Okay. Okay. I see what you did their. Okay. At least I've got Hana and Hanbyul already down. Now, I'm asking the alters. Regrets and resolutions?
The way you word things is very important to the mun. Remember that! ^^
“Regrets and resolutions? C’est impossible. My regrets and my resolutions on mine alone to know, petit. But I commend you for trying!”
“You know it’s kinda hard to regret something when everything you do is on purpose and even if regret was something I could express, I doubt I’d have them. What’s the point of regrets? To look back and go, ‘Man, I royally fucked that up. I wish I had done it differently.’ and then continue to whine and bitch and moan about that chance you never took. You know why I don’t regets? I’m a manic psychopath. All I do is take chances other bitches wouldn’t. And as for resolutions, I don’t have time for those. I make up shit as I go along. No need for a plan.”
“There are many things I regret in this life and my past life. My past life is full of things I now wish I had never done, never entertained. The life I lead now is the punishment for that life and those regrets. My resolution is to live this life I was sentenced to, to fulfill my atonement and, hopefully, be given the chance to walk freely in my next life to do things a better way.”
“I don’t think I have any regrets, you know? I don’t think I’ve done anything that I’d go, ‘Dude, that was messed up’ to. I know I don’t really think about the things I do but I give them a cursory, ‘Huh. This might have consequences.’ But, I can say I’ve recently resolved to be the best boyfriend I can, to help and be there for Minji any way I can.
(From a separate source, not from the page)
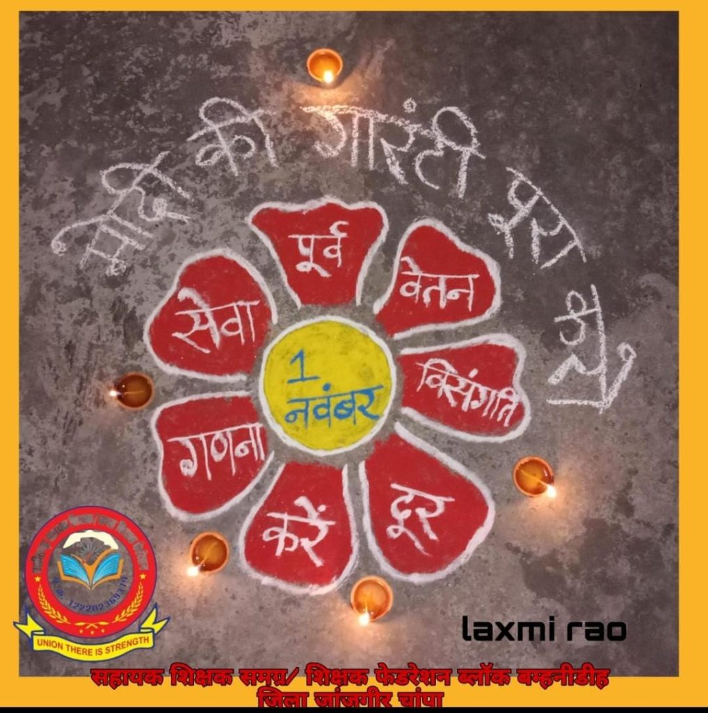 छग शिक्षक संघर्ष मोर्चा के नेतृत्व में पुरानी सेवा गणना, वेतन विसंगति दूर करने ,क्रमोन्नति/पदोन्नति और केंद्र के बराबर देय तिथि से महंगाई भत्ता/एरियर्स को लेकर प्रदेश के शिक्षक कई चरणों मे आंदोलन कर रहे हैं। दीपावली के अवसर पर प्रदेश के शिक्षकों ने अनूठा प्रदर्शन किया, सभी शिक्षकों ने अपनी मांगों को लेकर एक दीप जलाकर शासन और जनमानस को एक सन्देश दिया कि पूर्व सेवा गणना किये बगैर समस्त संविलियन प्राप्त एल बी संवर्ग के शिक्षकों का भविष्य अंधकारमय है,मोदी की गारंटी में सहायक शिक्षकों के वेतन विसंगति को दूर करने का उल्लेख है, क्रमोन्नति और केंद्र के बराबर देय तिथि से मंहगाई भत्ता देने का वादा किया गया है जिसे अब साय सरकार जल्द पूर्ण करे।

I don’t know how much time I’ll have with her or if there’s a chance I’d get to stay with her forever. But! And it’s a big ‘but’, I don’t want her to ever think I don’t love and care for her. There’s not much else I can do but be there for her and Hana. I’m not like the others, you know? I’m not special and I can’t defend them to the death and I’m kinda stupid if you haven’t noticed but that’s what I can do. Be there. So, I’m gonna do it.”
“We don’t know what a ‘regret’ is. That’s a new word!! Can you tell us? Please, please, please, please, pleaaaaaaaaase?!”